12. Un método de citometría de flujo de múltiples colores para la inmunofenotipificación de los leucocitos, que comprende las etapas de:

(a) poner en contacto una primera parte alícuota de una muestra biológica que comprende leucocitos con una primera composición de reactivos según una cualquiera de las reivindicaciones 1 a 3 de un conjunto según una cualquiera de las reivindicaciones 4 a 8 y poner en contacto al menos una segunda alícuota de dicha muestra con una composición de reactivos adicional de dicho conjunto;

(c) almacenar y evaluar los datos obtenidos.

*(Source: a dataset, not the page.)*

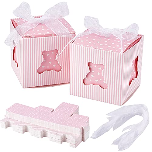 PandaHall 60 set godislådor för nyfödda, björngodislådor viklådor, rosa papper, presentförpackning med band, födelsedagsfest, presentgåva för födelsedag, bröllopsfest (6,4 x 6,4 x 6,4 tum)

13. Método según la reivindicación 12, en el que la muestra biológica es sangre periférica, médula ósea, muestra de tejido tal como ganglios linfáticos, adenoides, bazo o hígado, u otro tipo de fluido corporal, preferiblemente fluido cerebroespinal, fluido vítreo, fluido sinovial, aspirada de aguja final, derrames pleurales o ascitis.

14. Método según la reivindicación 12 o 13, en el que la etapa (b) comprende combinar la información inmunofenotípica de las poblaciones de células seleccionadas de múltiples tubos según los llamados cálculos de vecino más cercano en los que las células individuales de una parte alícuota de una muestra se combinan con células individuales correspondientes de otra alícuota de la misma muestra, según sus marcadores y su perfil de dispersión.

15. Método según una cualquiera de las reivindicaciones 12 a 14, que comprende el uso de software para la integración de datos y el análisis multidimensional de los archivos de citometría de flujo.